====== Records for processing

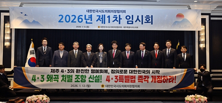 ´ëÇѹα¹½ÃµµÀÇȸÀÇÀåÇùÀÇȸ´Â À̳¯ ±×·£µåÁ¶¼± Á¦ÁÖÈ£ÅÚ¿¡¼ '2026³â Á¦1Â÷ ÀÓ½Ãȸ'¸¦ ¿¾î ÀÌ·± ³»¿ëÀÇ 'Á¦ÁÖ 4¡¤3ÀÇ ¿ÏÀüÇÑ ¸í¿¹È¸º¹°ú ±¹¹Î ÅëÇÕÀ» À§ÇÑ 4¡¤3Ưº°¹ý °³Á¤ Ã˱¸ °ÇÀǾÈ'À» äÅÃÇß´Ù. °ÇÀǾÈÀº À̹ø ÀÓ½Ãȸ¸¦ ÁÖ°üÇÑ ÀÌ»óºÀ ÀÇÀåÀÌ Á¦ÃâÇÑ °ÍÀÌ´Ù.
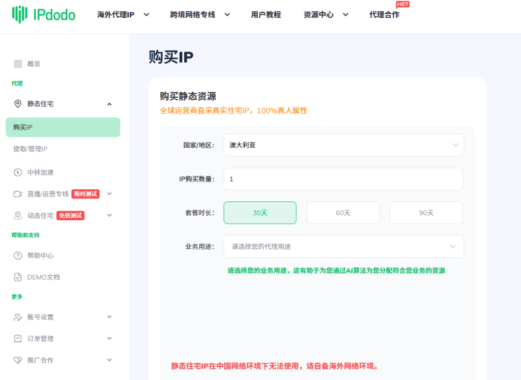 作为拥有澳洲住宅静态IP的服务商,IPdodo的住宅IP在稳定性、纯净度、独享程度与售后能力上表现突出。因此,无论是做澳洲电商、广告投放、社媒本地化运营,还是远程办公与本地服务访问,IPdodo 都能提供更稳定、更安全、更适合长期业务的澳洲住宅静态IP方案。
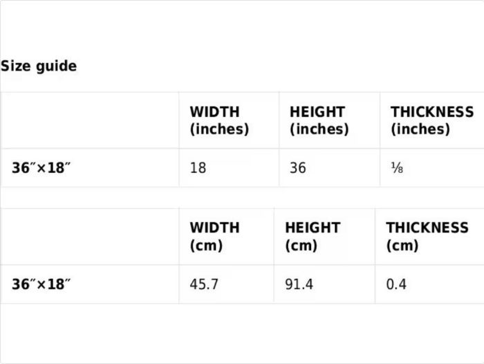 • Sizes: 36″ × 18″ (91.4 cm × 45.7 cm), 18″ × 16″ (45.8 cm × 40.7 cm)
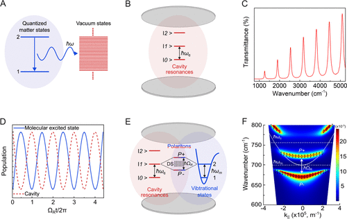 Figure 1. (A) Two-level atomic system with quantized energy levels emitting a photon into a continuum of vacuum states. (B) Schematic illustration of a Fabry–Pérot cavity with its resonances. (C) FT-IR transmission spectrum showing the resonances of a Fabry–Perot cavity of 8 μm path length filled with air. Schematic representation of (D) the energy exchange between a lossless cavity and a molecule resulting in the Rabi oscillation and (E) the resulting strong coupling and formation of the light–matter hybrid states in a cavity. (F) Angle-dependent dispersion of the polaritonic states with respect to the in-plane wave vector (black diamonds) overlaid on the simulated dispersion contour of the uncoupled cavity mode (ℏωc = 698 cm–1) and the vibrational transition of PS (ℏωm = 698 cm–1). Adapted from ref (34). Copyright 2024 American Chemical Society.
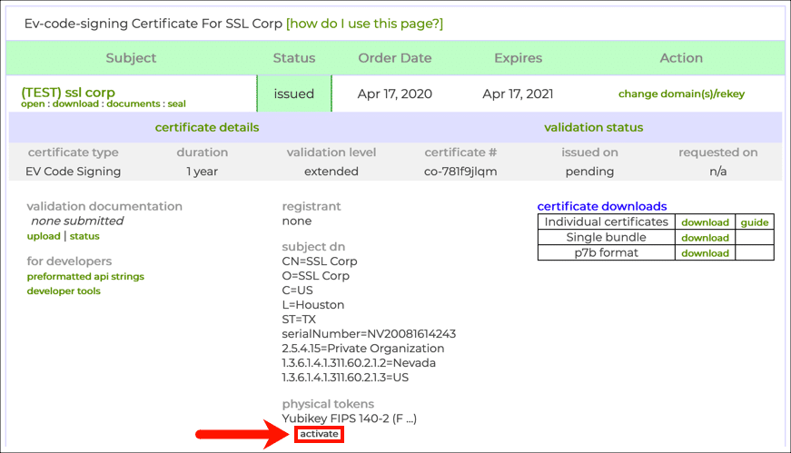 - If the activated token does NOT contain an issued certificate, please contact SSL.com by email at Support@SSL.com or by using the chat link on this page. An SSL.com representative will provide your certificate and your YubiKey’s management key.
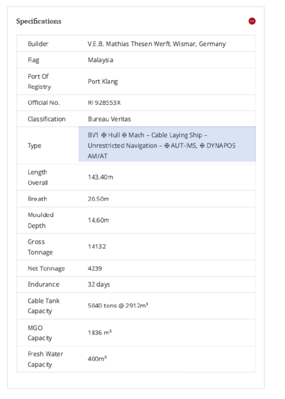 Finally, Dr. Wee also claims that OMS group had recently purchased a ship by the name of Lodbrog which has Dynamic Positioning 2 (DP2) undersea cable repairs capabilities. But the technical specifications from the OMS group website seems to tell a different story.
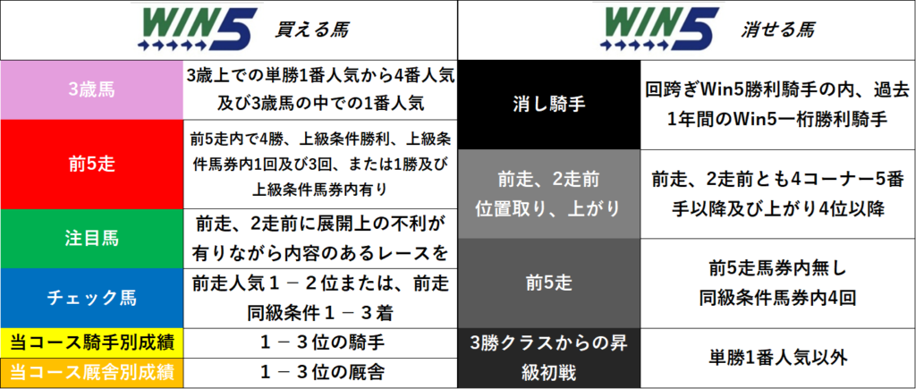 まずは、Win5の買える馬、消せる馬のデータの一覧をご紹介します。
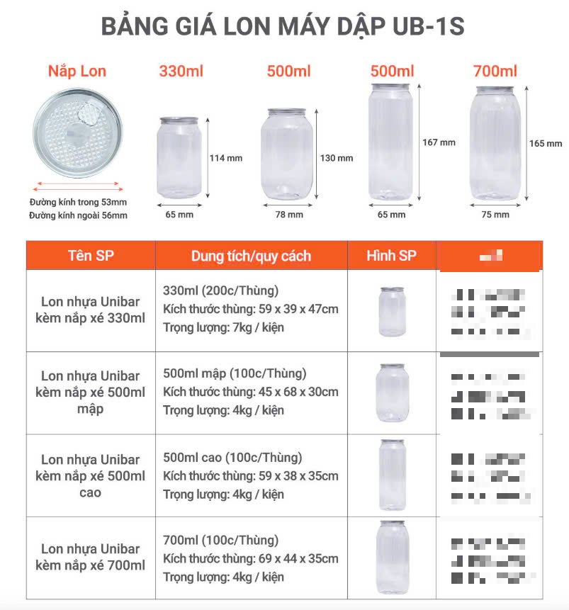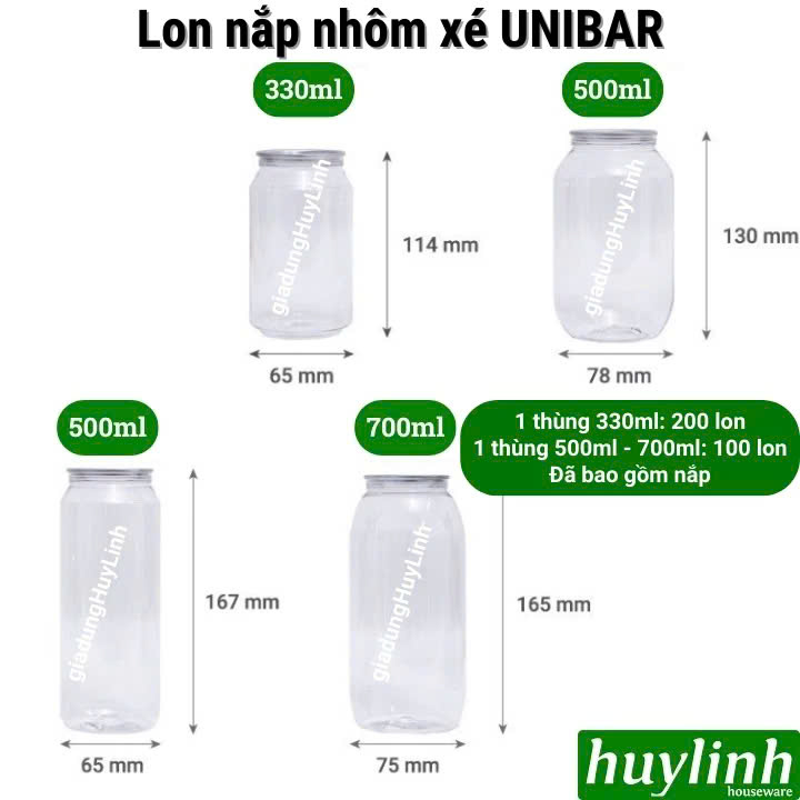 Lon nhựa PET nắp nhôm xé Unibar các size 330ml, 500ml, 700ml
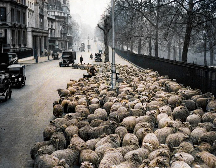 Парнокопытные «газонокосилки» идут по Пикадилли из Гайд-парка в Грин-парк. Лондон, 1931 год.
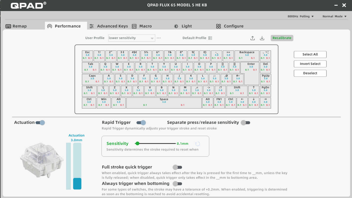 Thankfully, the Flux 65 is fully customisable and so we can adjust to the tenth of a millimetre how sensitive each key is. I hope to be able to train myself to bring it back up to a more sensitive setting one day, but for now I need all the help I can get to avoid accidentally typing all manner of (extra) nonsense.

============

◆ The problem: Nothing outside the stretch above, from the line with "作为拥有澳洲住宅静态IP的服" through the line with "cm × 40.7 cm)", is set down. Transcribe that stretch exactly, ends included, but not its pictures.

◆ Answer to the exercise:
 作为拥有澳洲住宅静态IP的服务商,IPdodo的住宅IP在稳定性、纯净度、独享程度与售后能力上表现突出。因此,无论是做澳洲电商、广告投放、社媒本地化运营,还是远程办公与本地服务访问,IPdodo 都能提供更稳定、更安全、更适合长期业务的澳洲住宅静态IP方案。
 • Sizes: 36″ × 18″ (91.4 cm × 45.7 cm), 18″ × 16″ (45.8 cm × 40.7 cm)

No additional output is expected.